_INSTRUCTIONS FOR THE TASK_
From the first line down to the line containing "Remembering Elvis  Premier", print the records below exactly, leaving every picture out.

RECORDS FOR THE TASK: Begin

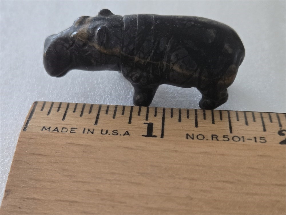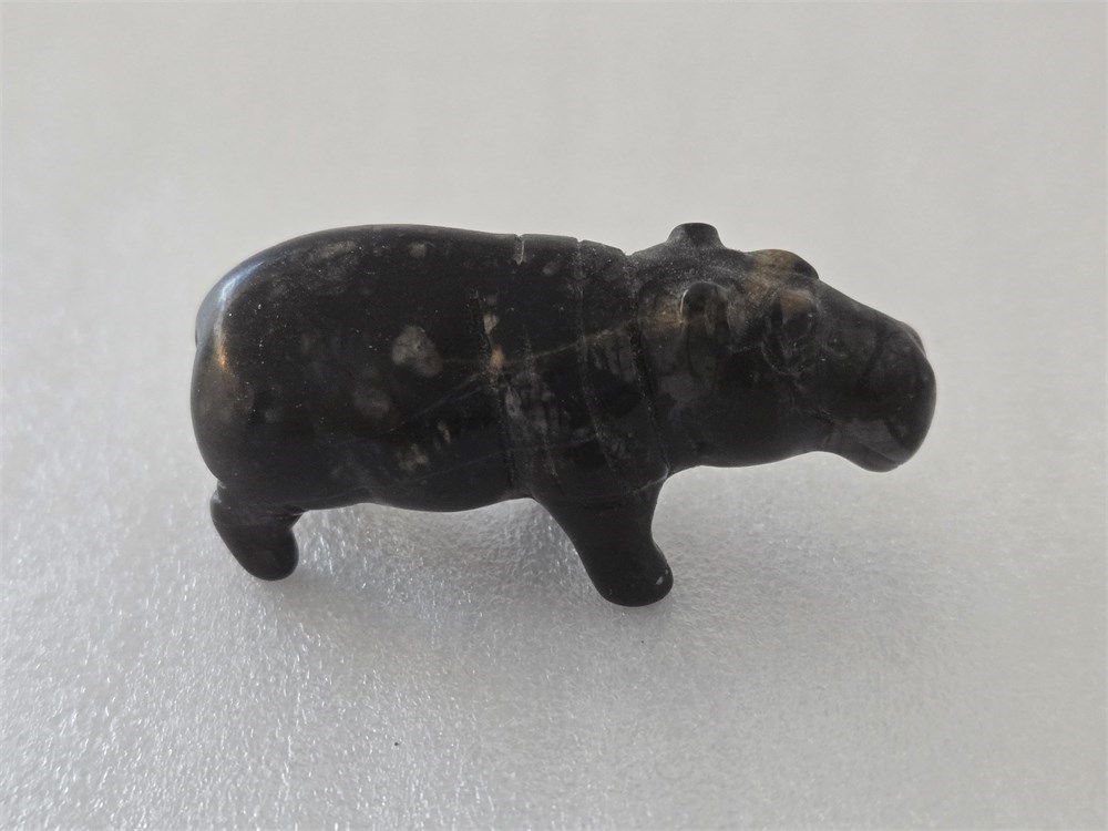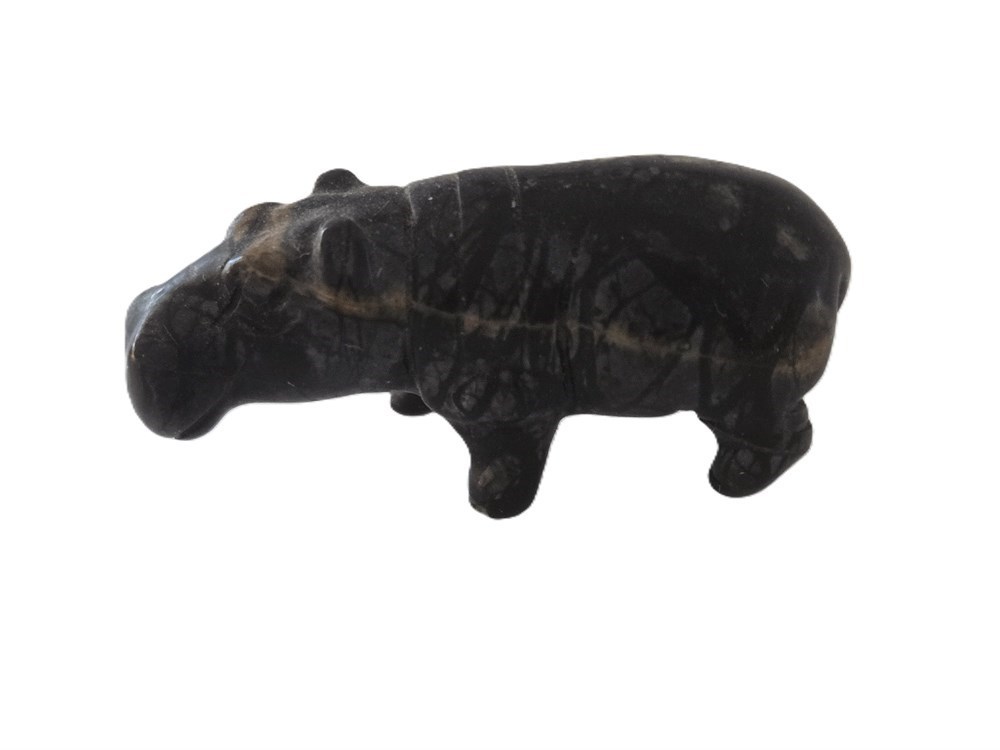 • One dark charcoal to black hippopotamus, carved from black calcite onyx or similar dense hardstone, with subtle internal inclusions and a smooth polished surface.
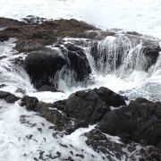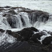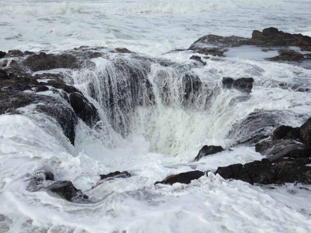 Thor's Well位于亚查茨附近库克峡谷以北的岩石架上。当潮汐合适时,水从玄武岩海岸线雕刻出的凹陷中涌出,然后流回开口处。这样的结构通常需要很长的时间形成。它开始时是一个海蚀洞,由于洞顶坍塌,留下一个开口。潮汐从下方涌动,水以巨大的力量向上喷射,形成了现在的景观。
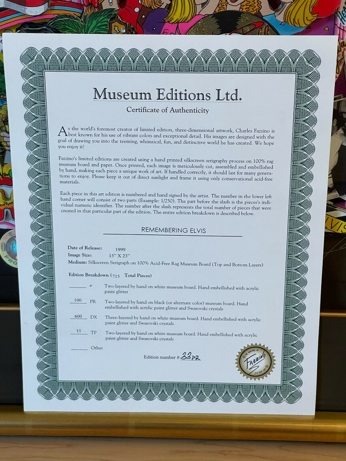 Remembering Elvis  Premier Edition Number 33 of 100.  Image Size 15X23, Framed 27X36.  Tjis is a beautiful Authentic peice from Pop Artist Charles Fazzino.  Signed bottom left hand corner.  Beautifully Framed in Black and Rich Gold.  This is a must for all Elvis Lovers
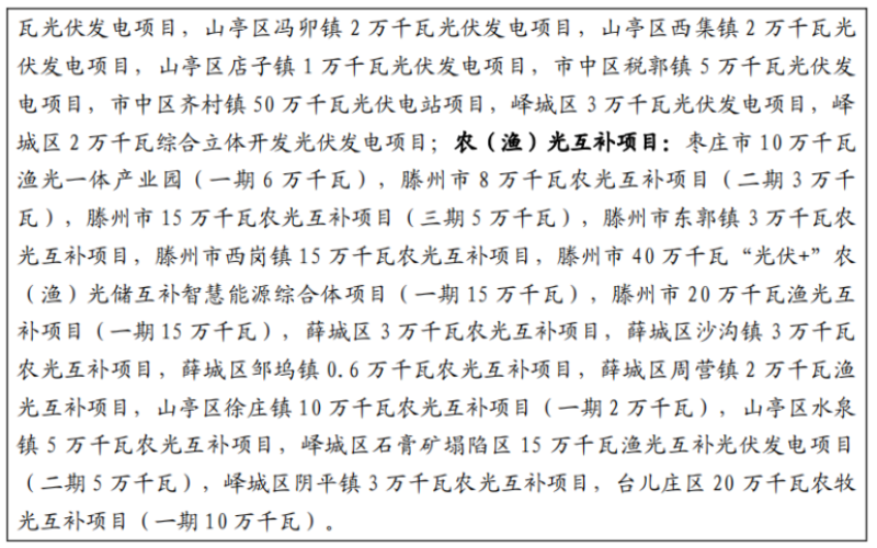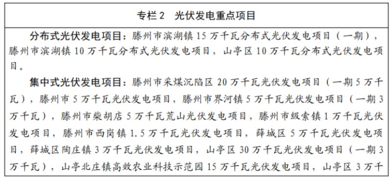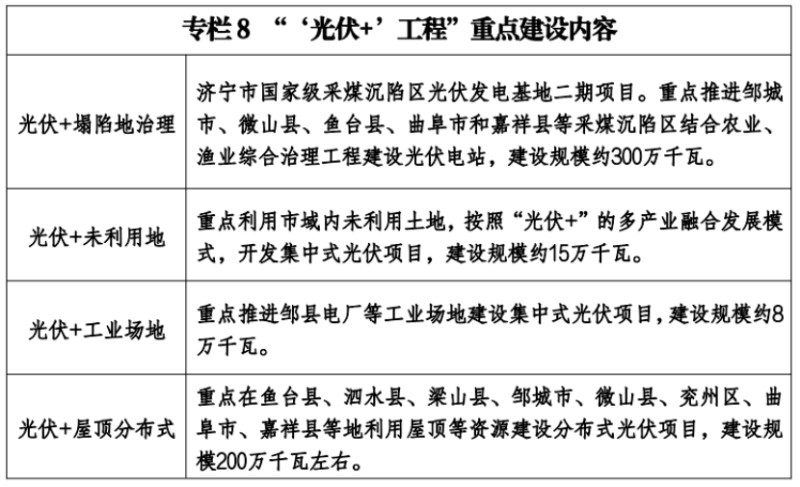 推進儲能工程建設(shè)。優(yōu)先發(fā)展大容量、高效率、長時間儲能設(shè)施,加快抽水蓄能、光伏制氫、海水淡化等儲能調(diào)峰工程建設(shè),實施微電網(wǎng)建設(shè)工程,建立以新能源電力為主體的新型供電模式。加快建設(shè)儲能產(chǎn)業(yè)園,重點發(fā)展鐵-鉻液流、鋰電池、熔鹽儲熱等儲能產(chǎn)業(yè),帶動上下游企業(yè)入園,力爭5年內(nèi)產(chǎn)值突破500億元。提升需求側(cè)響應(yīng)能力,完善終端消費儲能,加快推進臨朐抽水蓄能電站建設(shè),積極爭取青州朱崖、青州仁河抽水蓄能電站項目納入國家規(guī)劃,適時啟動項目建設(shè)。新增集中式風(fēng)電、光伏發(fā)電項目按不低于裝機容量10%配建或租賃儲能設(shè)施,配套儲能設(shè)施連續(xù)充電時間不低于2個小時。 濟寧市能源發(fā)展“十四五”規(guī)劃要求:到2025年,建成、在建可再生能源發(fā)電裝機總量達到800萬千瓦左右。其中光伏7GW,風(fēng)電0.95GW,儲能0.5GW。 光伏方面:提質(zhì)升級發(fā)展“光伏+”工程。發(fā)揮國家級基地引領(lǐng)效應(yīng),以創(chuàng)新引領(lǐng)推動新技術(shù)、新模式、新業(yè)態(tài)發(fā)展,促進太陽能光伏提質(zhì)升級,大力實施“光伏+”工程。到2025年,全市建成、在建光伏發(fā)電裝機總量達到700萬千瓦左右。 集中式光伏。重點深耕“光伏+塌陷地治理”基地。聚焦光伏和生態(tài)修復(fù)融合發(fā)展,重點推進鄒城市、微山縣、魚臺縣、曲阜市和嘉祥縣等采煤沉陷區(qū)結(jié)合農(nóng)業(yè)、漁業(yè)綜合治理工程建設(shè)光伏電站,大力推動濟寧市國家級采煤沉陷區(qū)光伏發(fā)電基地二期建設(shè),鼓勵新增塌陷地光伏+同步治理模式。積極推動“光伏+未利用地”融合發(fā)展模式。充分挖掘濟寧市行政區(qū)域內(nèi)未利用土地資源,結(jié)合生態(tài)修復(fù)、鄉(xiāng)村振興,采用“光伏+”多產(chǎn)業(yè)融合發(fā)展模式,開發(fā)一批集中式光伏項目。積極發(fā)展“光伏+工業(yè)用地”集中式發(fā)電。支持能源企業(yè)利用自有工業(yè)場地、園區(qū),積極發(fā)展集中式光伏。 分布式光伏。大力支持“光伏+屋頂”分布式發(fā)電。依托各縣(市、區(qū))開發(fā)區(qū)和各類工業(yè)園區(qū),合理利用工業(yè)廠房、商業(yè)企業(yè)、公共建筑、居民住宅等屋頂資源,積極發(fā)展分布式光伏,促進光伏發(fā)電就地生產(chǎn)、就地消納;以嘉祥、魚臺、梁山、曲阜和鄒城等縣(市、區(qū))為重點,進行整縣式分布式光伏開發(fā)建設(shè);在具備實施光伏條件的鄉(xiāng)村地區(qū),大力推廣光伏工程帶動鄉(xiāng)村振興模式;優(yōu)先發(fā)展“自發(fā)自用”分布式光伏。
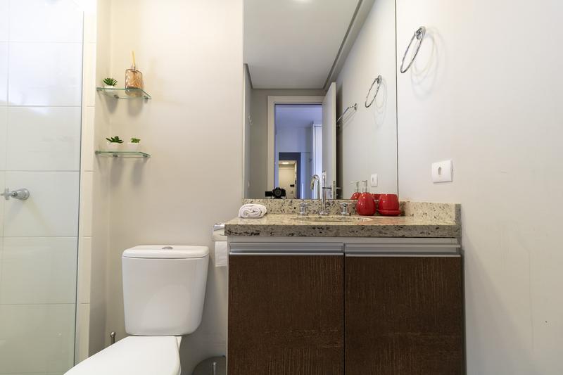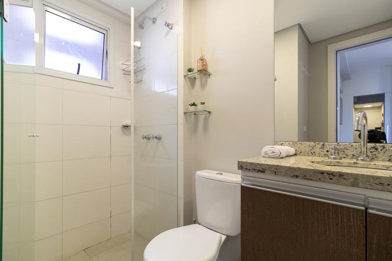 01 Banheiro funcional com box em vidro pia em granito e água quente via caldeira

RECORDS FOR THE TASK: End

_REPLY TO THE TASK_
 • One dark charcoal to black hippopotamus, carved from black calcite onyx or similar dense hardstone, with subtle internal inclusions and a smooth polished surface.
 Thor's Well位于亚查茨附近库克峡谷以北的岩石架上。当潮汐合适时,水从玄武岩海岸线雕刻出的凹陷中涌出,然后流回开口处。这样的结构通常需要很长的时间形成。它开始时是一个海蚀洞,由于洞顶坍塌,留下一个开口。潮汐从下方涌动,水以巨大的力量向上喷射,形成了现在的景观。
 Remembering Elvis  Premier Edition Number 33 of 100.  Image Size 15X23, Framed 27X36.  Tjis is a beautiful Authentic peice from Pop Artist Charles Fazzino.  Signed bottom left hand corner.  Beautifully Framed in Black and Rich Gold.  This is a must for all Elvis Lovers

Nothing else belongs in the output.